Your instructions: Lines from the one containing "Figure 2: Woollahra" through the end of the data are to be returned exactly, and no others.

Material shown:
•••••

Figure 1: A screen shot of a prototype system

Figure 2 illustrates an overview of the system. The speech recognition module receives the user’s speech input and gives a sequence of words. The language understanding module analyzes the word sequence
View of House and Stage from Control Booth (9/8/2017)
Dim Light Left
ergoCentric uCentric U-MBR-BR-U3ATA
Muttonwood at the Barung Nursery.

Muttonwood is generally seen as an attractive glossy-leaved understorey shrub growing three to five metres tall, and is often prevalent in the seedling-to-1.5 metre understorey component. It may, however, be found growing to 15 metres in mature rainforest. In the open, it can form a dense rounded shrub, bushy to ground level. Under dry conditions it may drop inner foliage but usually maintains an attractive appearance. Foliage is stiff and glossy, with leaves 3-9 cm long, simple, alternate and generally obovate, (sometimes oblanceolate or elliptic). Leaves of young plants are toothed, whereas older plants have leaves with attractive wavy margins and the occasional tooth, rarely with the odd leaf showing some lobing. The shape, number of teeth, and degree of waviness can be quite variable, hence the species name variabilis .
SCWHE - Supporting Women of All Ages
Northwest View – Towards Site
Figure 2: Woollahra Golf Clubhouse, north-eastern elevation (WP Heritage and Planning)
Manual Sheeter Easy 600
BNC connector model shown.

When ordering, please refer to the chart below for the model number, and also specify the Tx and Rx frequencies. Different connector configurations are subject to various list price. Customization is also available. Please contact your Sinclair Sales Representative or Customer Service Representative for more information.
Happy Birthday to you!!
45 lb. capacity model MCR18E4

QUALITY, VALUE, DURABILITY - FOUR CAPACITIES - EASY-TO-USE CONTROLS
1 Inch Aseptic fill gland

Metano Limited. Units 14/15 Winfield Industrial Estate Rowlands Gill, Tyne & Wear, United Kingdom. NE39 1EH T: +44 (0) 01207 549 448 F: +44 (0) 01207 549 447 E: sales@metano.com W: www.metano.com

•••••

Task response:
Figure 2: Woollahra Golf Clubhouse, north-eastern elevation (WP Heritage and Planning)
Manual Sheeter Easy 600
BNC connector model shown.

When ordering, please refer to the chart below for the model number, and also specify the Tx and Rx frequencies. Different connector configurations are subject to various list price. Customization is also available. Please contact your Sinclair Sales Representative or Customer Service Representative for more information.
Happy Birthday to you!!
45 lb. capacity model MCR18E4

QUALITY, VALUE, DURABILITY - FOUR CAPACITIES - EASY-TO-USE CONTROLS
1 Inch Aseptic fill gland

Metano Limited. Units 14/15 Winfield Industrial Estate Rowlands Gill, Tyne & Wear, United Kingdom. NE39 1EH T: +44 (0) 01207 549 448 F: +44 (0) 01207 549 447 E: sales@metano.com W: www.metano.com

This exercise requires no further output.